Doomsday theorists would have us believe that the world is coming to an end because of the many disasters that have taken place in the last few months. I believe otherwise. Earthquakes in Pakistan could not stop the music from shaking the bodies at System Soundbar.“In ’94, I did my first mix at my boyfriend’s, due to an argument about his technique. He missed a mix. He took it bad and told me to do it myself. I succeeded on my first try.” It’s this ballsy attitude that has taken French DJ/vocalist Miss Kittin above and beyond that boyfriend. Sporting a baseball cap reading, “Fuck You, You Fuckin’ Fuck,” Miss K went on to screw with the System crowd till the wee hours of the morning.
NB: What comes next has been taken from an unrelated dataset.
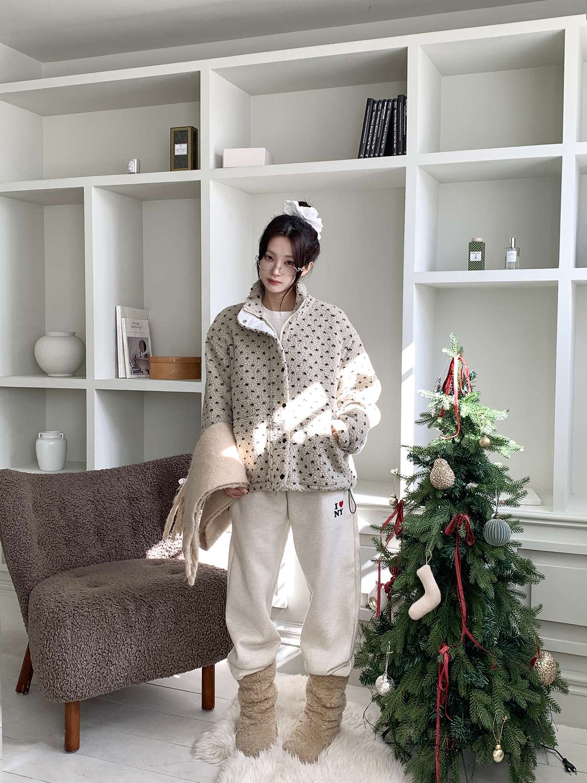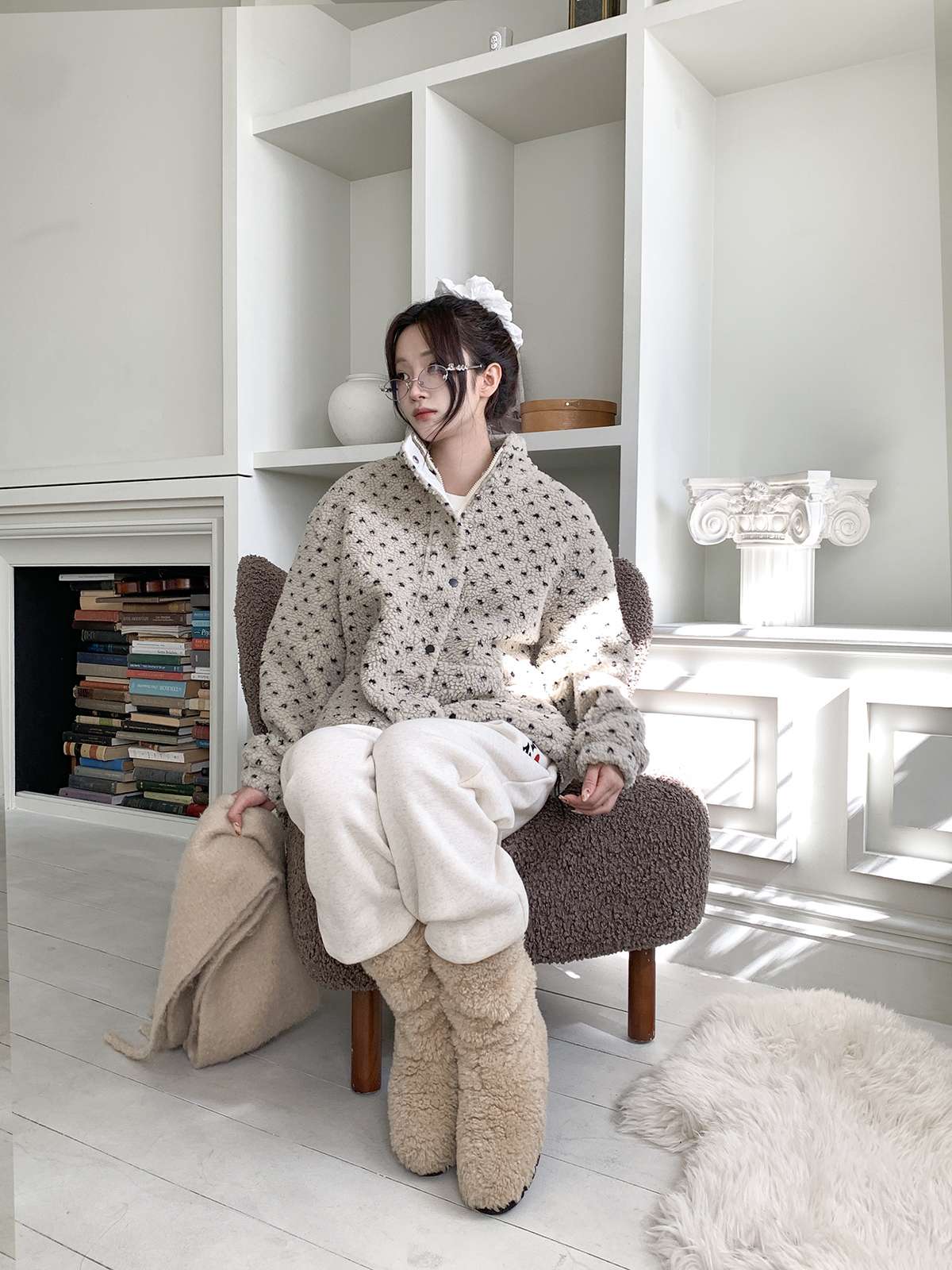 JK6077K5A-엘모르 오버핏 도트 뽀글이 후리스 아우터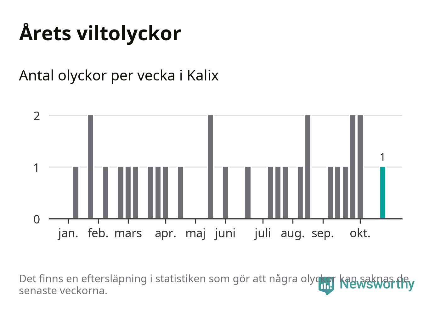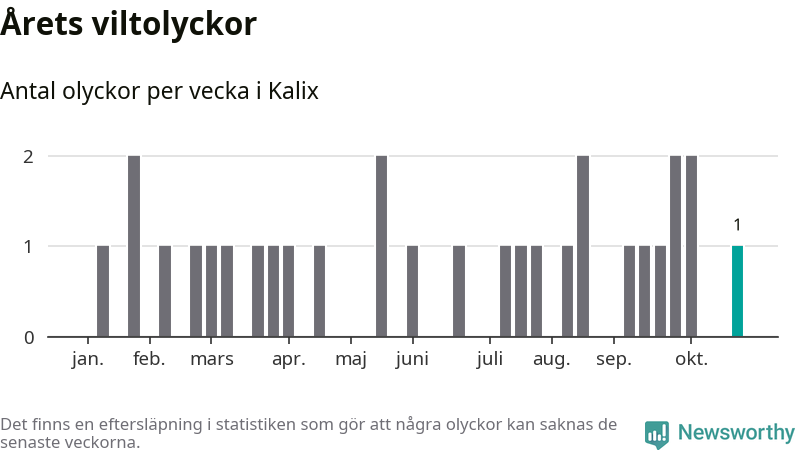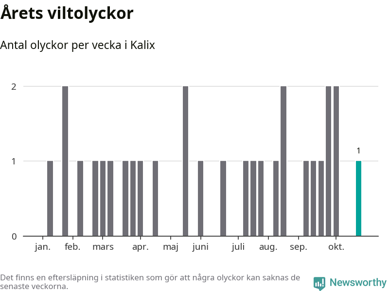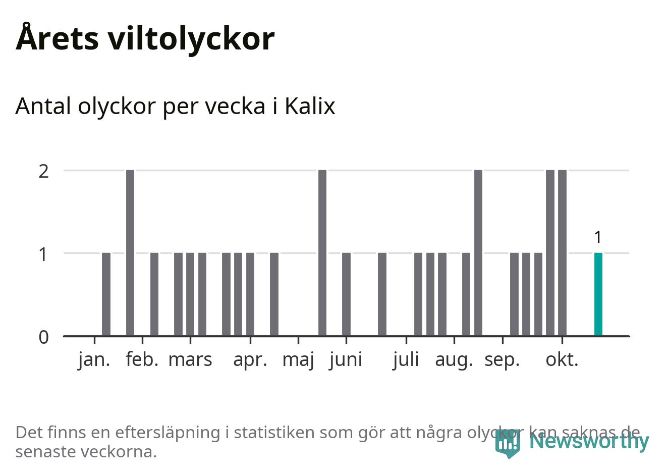 Från förra veckan (vecka 44) har hittills en viltolycka rapporterats in i Kalix kommun.

Out to hear her set were Toronto’s DJ Jelo and New York-inspired club kid Pac-Mondrian, decked freaking out in giant plastic Mickey Mouse hands. Miss Kittin’s set at first seemed angry and standoffish, but then she loosened up, singing over some of her tracks and dancing like a pussy on just enough Special K. Hurricanes in New Orleans and Cancun perhaps were meant to inspire designers at this year’s L’Oreal Fashion Week to produce more wash-and-wear. Turning heads on opening night, held at the hip Muzik Building, were stylish duo Christopher Estridge and Bryan Van Dusen of design house Ghetto Panda, Jie Matar, Bobby Matar and Gairy Brown (who helped produce the sparsely attended though overwhelmingly successful JIE Hair show). Elmer Olsen, who watched the models strut from his front-row seat, was clearly not impressed by one model who leaned so much to the left as she walked that everyone thought she was going to fall over. Was she drunk? Stoned? Remember last year’s model, who limped down the runway doing the “Broken-Ankle Clomp”? This year’s style seemed to be “Messy Sashay.” Bombings in London made the recent Northbound Leather fashion show, Climax, even moren relevant. Chief designer Marty Rotman proved that any scene can be made sexy – even the sick and injured. In the wild finale, models limped out on crutches wearing tan leather leg, arm, neck and body braces. The crazed hospital inmates overpowered
nurses and doctors; police officers with syringes broke in to subdue the scene; and a screeching, fully bound psychopath
– who turned out to be Rotman – was led out to terrorize the traditionally gay and straight audience (including Mrs. Angie Casselman, seen lusting over Lena Love) sporting untraditional wardrobes. An E. coli water scare on a northern Ontario aboriginal reserve signals that fly Nightclub’s bottledwater sales will increase dramatically. Perhaps because of the suggested $11 donation ($4500 was raised and divided between Buddies in Bad Times Theatre and the Youth Line), fab’s 11-Year Anniversary Party at fly, which was even more outrageous than last year’s 10th anniversary, was not as well attended, with 600 people. The highlight of the night, again, was the massive drag show. Eleven drag queens performed in 11 minutes, including Miss Conception as a preggo Britney Spears, Donnarama as Madonna (who proceeded to pull a mouse, anal beads and a black baby from Brit’s ass) and Chris Edwards, who exposed her breasts (and man-belly) for all to see. • Long live fab. Long live the party. Long live this blue planet we call home.